Diese Kampagne findet jedoch nicht im luftleeren Raum statt. soziale Netzwerke, insbesondere in Instagram y TikTok, der Inhalt, der sich auf die Cannabis war bereits Gegenstand von Zensur Dies geschah wiederholt. Mittlerweile sind nicht nur bestimmte Themen eingeschränkt, sondern junge Menschen werden auch aktiv dazu ermutigt, Inhalte dagegen zu produzieren. Cannabis, den Diskurs verstärken Prohibitionisten mit einer Strategie, die direkt aus dem Handbuch zu stammen scheint. Unternehmensmarketing.
Und die Kontroverse?
Natürlich ist die Initiative nicht unbemerkt geblieben. Aktivisten und Verteidiger der Cannabisregulierung Sie haben die Kampagne scharf kritisiert und sie als verzweifelten Versuch gesehen, die Macht zu erhalten. Panikmache in einer Ära, in der zunehmend US-Staaten. y Länder der Welt Sie regulieren die Verwendung von Cannabis.
Abgesehen von der rechtlichen Frage gibt es auch eine Debatte über die Ethik junge Menschen dafür zu bezahlen, Botschaften zu verbreiten soziale Netzwerke die möglicherweise nicht vollständig informiert oder unvoreingenommen sind. Und wenn wir der Gleichung noch hinzufügen, dass Jeff Bezos, durch Amazonas, unterstützt diese Initiative indirekt mit der Geschenkgutscheine, Die Kontroverse ist entfacht.
Einflussnahme oder Manipulation?
Die Frage ist hier nicht, ob jemand konsumieren sollte oder nicht. Cannabis, Aber inwieweit ist es legitim, junge Menschen einzusetzen? Influencer zum Formen Erzählungen in sozialen Medien mit finanziellen Anreizen. DEA Er scheint verstanden zu haben, dass die Macht von beeinflussen Es ist nicht mehr im große Medienunternehmen, aber in der Content-Ersteller. Und wenn Marken dafür bezahlen können Werbung, Warum nicht auch mit...? Regierungskampagnen?

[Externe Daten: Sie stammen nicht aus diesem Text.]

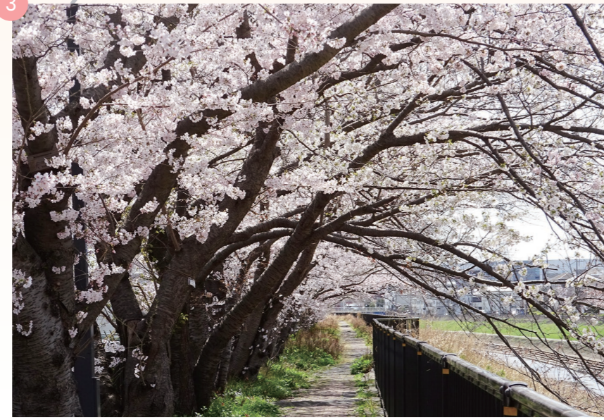
お花見をしている方も少ない穴場スポット。静寂の中、包み込まれてみませんか。

Die Ironie besteht darin, dass viele derjenigen, die sich jetzt gegen diese Strategie aussprechen, auch die Cannabis-Aufklärung. Der Unterschied besteht darin, dass sie die Informationen haben wollen Objektiv und basierend auf wissenschaftliche Studien, nicht in einer Erzählung einseitig finanziert durch die Verbot.
Was meint ihr? Ist das eine Kampagne? legitim oder einfach ein weiterer Versuch den Diskurs kontrollieren über die Cannabis In soziale Netzwerke?